** WHAT TO WORK ON **
Print, from the listing below, the lines starting at the line containing "Klíčenka Tlapka se" and ending at the line containing "House Plan 11533", exactly as they stand, and print nothing else.

══ INFORMATION SHOWN

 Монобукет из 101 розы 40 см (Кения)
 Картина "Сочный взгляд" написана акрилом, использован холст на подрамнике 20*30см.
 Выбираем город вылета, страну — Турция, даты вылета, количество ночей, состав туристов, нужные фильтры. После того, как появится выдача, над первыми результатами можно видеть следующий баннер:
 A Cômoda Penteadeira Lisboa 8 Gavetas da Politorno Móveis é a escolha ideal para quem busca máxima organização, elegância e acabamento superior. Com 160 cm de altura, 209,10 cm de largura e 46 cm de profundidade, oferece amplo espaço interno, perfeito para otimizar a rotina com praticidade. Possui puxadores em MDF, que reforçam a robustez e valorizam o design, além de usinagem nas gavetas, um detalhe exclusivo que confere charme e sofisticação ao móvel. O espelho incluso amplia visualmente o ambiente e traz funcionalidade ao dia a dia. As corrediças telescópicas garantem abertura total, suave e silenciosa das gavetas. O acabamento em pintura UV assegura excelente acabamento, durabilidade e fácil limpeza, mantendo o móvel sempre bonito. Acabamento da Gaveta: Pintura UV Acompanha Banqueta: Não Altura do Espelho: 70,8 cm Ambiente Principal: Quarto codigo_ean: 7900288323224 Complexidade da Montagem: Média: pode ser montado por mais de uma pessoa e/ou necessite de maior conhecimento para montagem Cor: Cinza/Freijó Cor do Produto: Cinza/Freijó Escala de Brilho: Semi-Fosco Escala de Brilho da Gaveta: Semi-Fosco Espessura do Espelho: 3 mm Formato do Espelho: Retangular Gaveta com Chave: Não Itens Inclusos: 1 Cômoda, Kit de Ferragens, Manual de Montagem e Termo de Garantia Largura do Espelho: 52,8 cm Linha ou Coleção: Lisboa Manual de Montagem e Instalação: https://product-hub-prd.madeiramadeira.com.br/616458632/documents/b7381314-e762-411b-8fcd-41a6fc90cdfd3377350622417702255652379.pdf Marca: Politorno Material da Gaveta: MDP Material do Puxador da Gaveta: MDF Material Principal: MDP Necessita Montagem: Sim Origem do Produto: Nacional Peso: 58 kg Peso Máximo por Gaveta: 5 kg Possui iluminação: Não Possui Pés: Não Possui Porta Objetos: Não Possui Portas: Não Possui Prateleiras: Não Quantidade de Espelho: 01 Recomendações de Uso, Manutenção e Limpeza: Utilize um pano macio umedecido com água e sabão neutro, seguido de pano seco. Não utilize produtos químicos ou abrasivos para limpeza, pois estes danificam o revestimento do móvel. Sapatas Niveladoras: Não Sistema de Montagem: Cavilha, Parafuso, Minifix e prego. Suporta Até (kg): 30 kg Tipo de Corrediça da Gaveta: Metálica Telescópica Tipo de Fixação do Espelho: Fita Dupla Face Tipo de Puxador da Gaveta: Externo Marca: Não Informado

════
══ INFORMATION SHOWN

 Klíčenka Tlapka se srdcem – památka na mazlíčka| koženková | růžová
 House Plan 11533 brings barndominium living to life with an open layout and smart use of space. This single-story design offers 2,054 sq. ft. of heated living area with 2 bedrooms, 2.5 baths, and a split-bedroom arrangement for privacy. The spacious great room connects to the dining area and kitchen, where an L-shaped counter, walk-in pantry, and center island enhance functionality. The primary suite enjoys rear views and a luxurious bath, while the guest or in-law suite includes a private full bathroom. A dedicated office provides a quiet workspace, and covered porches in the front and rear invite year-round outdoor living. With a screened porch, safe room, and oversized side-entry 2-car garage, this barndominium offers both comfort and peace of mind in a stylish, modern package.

════
══ INFORMATION SHOWN

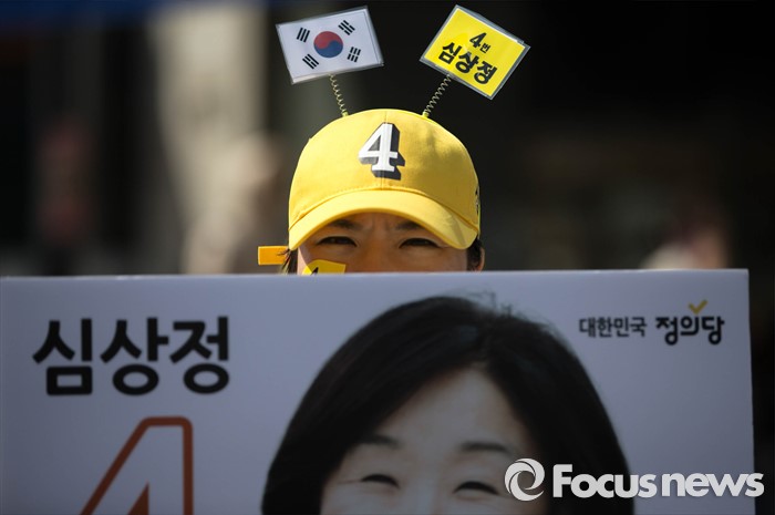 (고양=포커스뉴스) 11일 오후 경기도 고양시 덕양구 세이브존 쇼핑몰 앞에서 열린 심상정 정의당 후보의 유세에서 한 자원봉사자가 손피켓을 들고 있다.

════

** ANSWER **
 Klíčenka Tlapka se srdcem – památka na mazlíčka| koženková | růžová
 House Plan 11533 brings barndominium living to life with an open layout and smart use of space. This single-story design offers 2,054 sq. ft. of heated living area with 2 bedrooms, 2.5 baths, and a split-bedroom arrangement for privacy. The spacious great room connects to the dining area and kitchen, where an L-shaped counter, walk-in pantry, and center island enhance functionality. The primary suite enjoys rear views and a luxurious bath, while the guest or in-law suite includes a private full bathroom. A dedicated office provides a quiet workspace, and covered porches in the front and rear invite year-round outdoor living. With a screened porch, safe room, and oversized side-entry 2-car garage, this barndominium offers both comfort and peace of mind in a stylish, modern package.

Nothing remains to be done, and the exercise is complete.